This blog will show you everything about Star Schema Data Modelling and its comparison with different types of Schemas including Star Schema.

  • Below are the three primary types of Multidimensional Schemes, each having its unique set of advantages.
    • Star Schema 
    • Snowflake Schema
    • Fact Constellation Schema

What is a Data Warehouse?

  • A Data Warehouse is a combined collection of data from various/many sources.
  • As a result, a Data Warehouse serves as a Single, Central, and consistent Data Storage that aids in Data Mining, Data Analysis, Machine Learning, Artificial Intelligence, and other processes.

What is a Star Schema Data Modelling?

  • This schema is commonly used to create a Data Warehouse and Dimensional Data Marts.
  • It consists of one or more Fact Tables that index an unlimited number of Dimensional Tables.
  • The Snowflake Schema cannot exist without the Star Schema. It’s also good at answering simple questions. Star Schema Data Modelling has a lot of benefits and helps in data modeling for warehouses.

1) Example of Star Schema Data Modelling

It’s called a Star because its physical model is shaped like a Star, with a Fact Table in the center and Dimension Tables on the periphery symbolizing the star’s points. Here’s an example of the Star Schema in action:

2) What are Fact Tables? 

There are two types of columns in a Fact Table: 

  • Fact Columns and Foreign Keys to the Dimension Table
  • Fact Tables’ Primary Key is usually a Composite Key made up of all of the Foreign Keys.

A Fact Table could contain either Detail Level Facts or Aggregated Facts (Fact Tables that include Aggregated facts are often instead called Summary Tables). Facts with the same level of aggregation are usually found in a Fact Table.

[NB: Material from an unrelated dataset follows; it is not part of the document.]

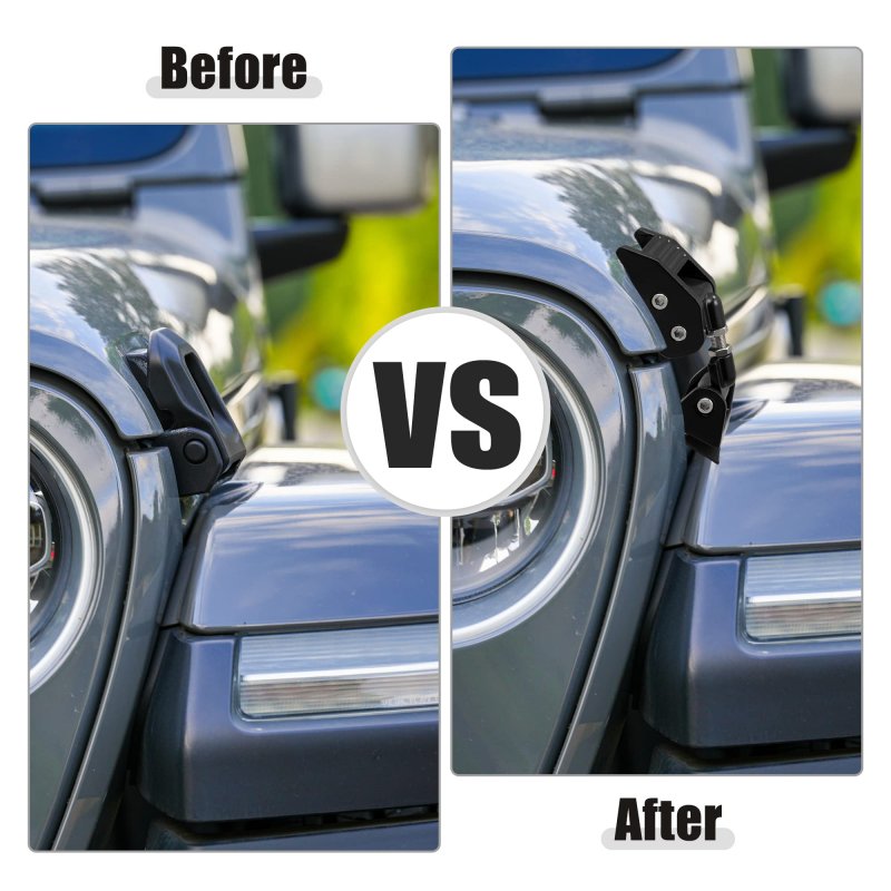 Fit for: for Jeep Wrangler JK 2 Door & Unlimited 4 Door 2007-2018. Features: The hood lock with lock can effectively reduce the hood flutter and increase the protection of the vehicle; without the key, no one can open the hood and improving the safety of the vehicle.. Good Replacement: replace your hood latch if it's broken, or cracked. Made of good quality plastic and metal, which is portable, and durable.. Easy Installation: No drilling or cutting is required. Simply remove the original hood latch and install the new one in the same way.. Package Includes: 2 Pcs Hood Latch Lock, 2 Pcs Buckle, 4 Pcs Gasket, 1 Pcs Wrench, 1 Pcs Installation Notes.Other fine products

SALES is a Fact Table with properties such as (Product ID, Order ID, Customer ID, Employer ID, Total, Quantity, Discount) that refer to Dimension Tables in the example above. 

3) What are Dimension Tables?

  • A Dimension is a Data Classification Architecture made up of one or more hierarchies. A Flat Dimension or List is one that does not have any hierarchies or levels.
  • The Composite Primary Keys of the Fact Table include the Primary Keys of each Dimension Table. The Dimensional Value is defined by Dimensional Qualities.
  • They’re typically textual values that describe something. Fact Tables are frequently larger than dimensional tables. Data about sales is stored in Fact Tables, whereas data about the Geographic Region (markets, cities), customers, items, times, and channels are stored in Dimension Tables.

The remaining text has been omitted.